Cleanse data by using functions

The data transformation feature of Simple Log Service allows you to cleanse raw data. You can use one or more functions to cleanse a large amount of data. This way, the log data collected to Simple Log Service can be converted to data in a standard format.

Scenario 1: Filter logs by using the e_keep function and e_drop function

You can use the e_drop or e_keep function to filter logs. You can also specify the DROP parameter and use the e_if or e_if_else function to filter logs.

The following common transformation rules can be used:

  • e_keep(e_search(...) ):The log entries that meet the conditions are retained.

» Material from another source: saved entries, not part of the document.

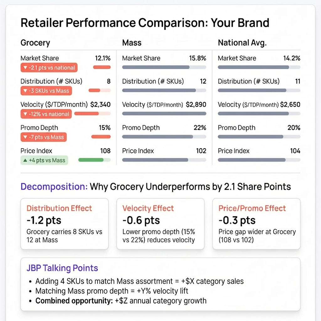 Decomposition transforms retailer conversations from subjective debate to fact-based discussion. Instead of "we need more support," show: "Our velocity at your banner is 15% below national average. Decomposition shows 8% from promotional depth gap (15% discount versus 22% nationally) and 7% from reduced facings versus last year. Matching promotional parity would recover approximately $X in category sales." Specific, quantified insights earn credibility and shift conversations toward solutions.
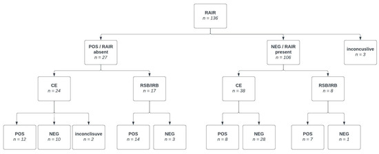 All patients with clinical suspicion of HD were examined with HR-ARM. For patients with absence of RAIR (positive test for HD), additional tests such as contrast enema (CE) and/or suction rectal biopsy (RSB) were performed. In cases when RSB was inconclusive, full-thickness biopsy (FTB) was carried out. In instances where RAIR was present, further diagnostics were not routinely pursued, and the patient was diagnosed as non-HD. However, exceptions were made for patients displaying typical HD symptoms (e.g., bloating, severe constipation, poor weight gain, progressive cachexia or enterocolitis). Such patients were referred for supplementary tests. Ultimately, the final confirmation of HD relied on the results of either rectal suction biopsy (RSB) or full-thickness biopsy (FTB). Conversely, the exclusion of HD was established through clinical follow-up or negative biopsy outcomes (Figure 3).
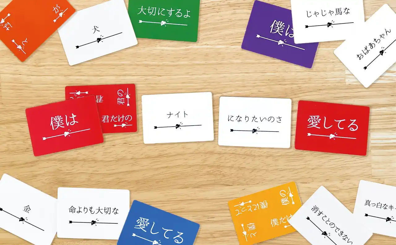 ルールはとっても簡単。親プレイヤーがゆっくり10数える間に、配られた手札を自由に組み合わせて、プロポーズの言葉を作り、親プレイヤーに愛の告白をしましょう! ときには真面目に、ときには笑いで、プロポーズをする人もされる人も、ちょっぴり恥ずかしくて、とっても嬉しくなってしまう、幸せいっぱいのパーティーゲームです。 |
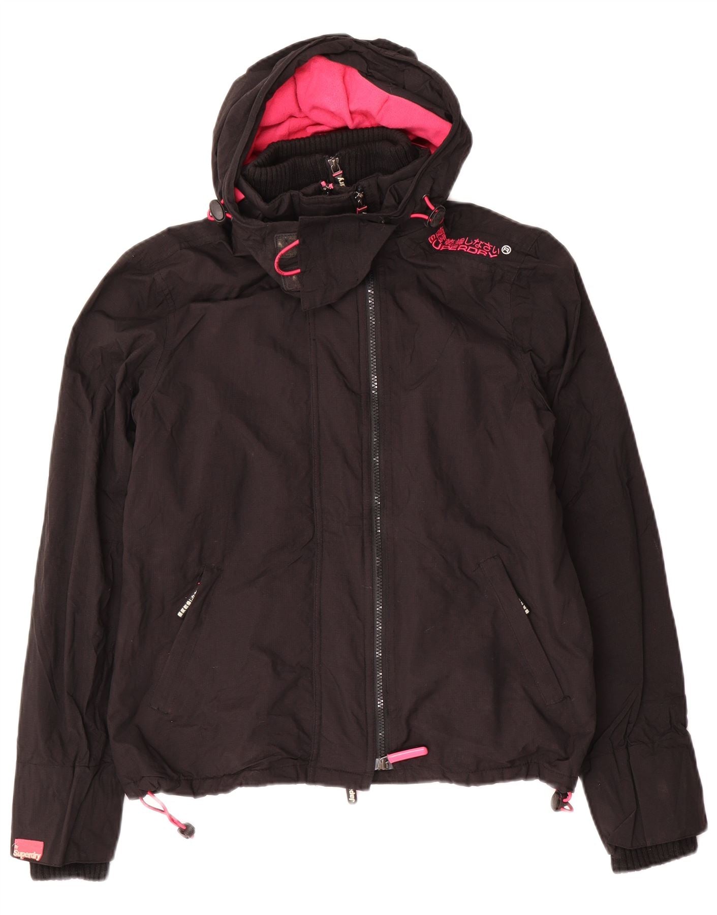 SUPERDRY Womens Windcheater Hooded Windbreaker Jacket UK 16 Large Black
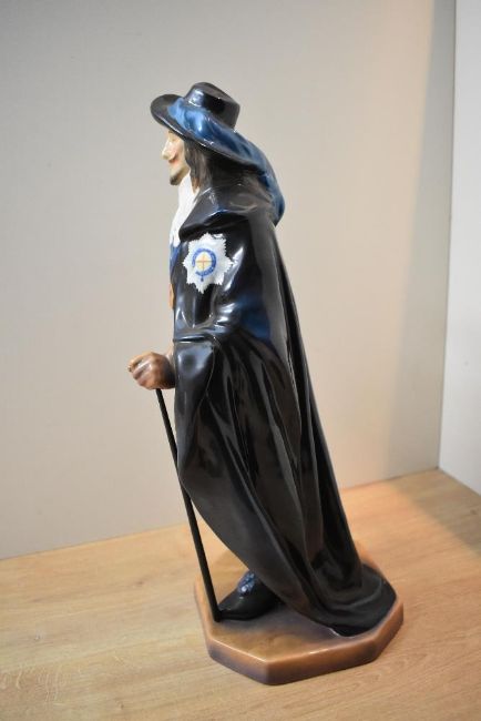 A large Royal Doulton bone china figure of King Charles, model number HN 2084 with date stamp 27.4.82 to underside and gilt signature, designed by Charles Noke and Harry Tittensor, modelled in Garter robes with wooden staff, measures 43cm tall.

Otherwise, the log entries are dropped.

  • e_drop(e_search(...) ):The log entries that meet the conditions are dropped. Otherwise, the log entries are retained.

  • e_if_else(e_search("..."), KEEP, DROP):The log entries that meet the conditions are retained. Otherwise, the log entries are dropped.

  • e_if(e_search("not ..."), DROP):The log entries that meet the conditions are dropped. Otherwise, the log entries are retained.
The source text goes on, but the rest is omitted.